┌────────

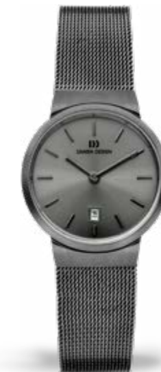
ALL GREY SMALL IV64Q971
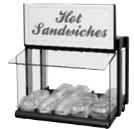
Model GRHW-1SGS with sneeze guard, accessory sign holder (graphic not included), five hardcoated bins, and optional Designer color

Voltage: .....120, single phase only, NEMA 5-15P plug. Base Dimensions – GRHW-1SGS: .....565 W x 371 D (22 1 / 4 " x 14 5 / 8 "). – GRHW-1SGD, -1SGDS: .....581 W x 378 D (22 7 / 8 " x 14 7 / 8 "). Included with Merchandiser: .....Thermostatically-controlled base, sneeze guard, display lights, 35 mm (1 3 / 8 ") rubber legs, five 102 mm (4") bins (GRHW-1SGS only), 1829 mm (72") cord and plug. Cord Location – GRHW-1SGS: .....Base end plate, same side as switch. – GRHW-1SGD, -1SGDS:.....Control side, bottom right. ALL GLO-RAY METAL SHEATHED HEATING ELEMENTS WARRANTED AGAINST BURNOUT AND BREAKAGE FOR TWO YEARS. ALL GLO-RAY HEATED GLASS SHELVES AND BASE BLANKET HEATING ELEMENTS WARRANTED AGAINST BURNOUT FOR ONE YEAR.

└────────

Skipping all pictures, set the listing down exactly as written.

- _REPLY_:
ALL GREY SMALL IV64Q971
Model GRHW-1SGS with sneeze guard, accessory sign holder (graphic not included), five hardcoated bins, and optional Designer color

Voltage: .....120, single phase only, NEMA 5-15P plug. Base Dimensions – GRHW-1SGS: .....565 W x 371 D (22 1 / 4 " x 14 5 / 8 "). – GRHW-1SGD, -1SGDS: .....581 W x 378 D (22 7 / 8 " x 14 7 / 8 "). Included with Merchandiser: .....Thermostatically-controlled base, sneeze guard, display lights, 35 mm (1 3 / 8 ") rubber legs, five 102 mm (4") bins (GRHW-1SGS only), 1829 mm (72") cord and plug. Cord Location – GRHW-1SGS: .....Base end plate, same side as switch. – GRHW-1SGD, -1SGDS:.....Control side, bottom right. ALL GLO-RAY METAL SHEATHED HEATING ELEMENTS WARRANTED AGAINST BURNOUT AND BREAKAGE FOR TWO YEARS. ALL GLO-RAY HEATED GLASS SHELVES AND BASE BLANKET HEATING ELEMENTS WARRANTED AGAINST BURNOUT FOR ONE YEAR.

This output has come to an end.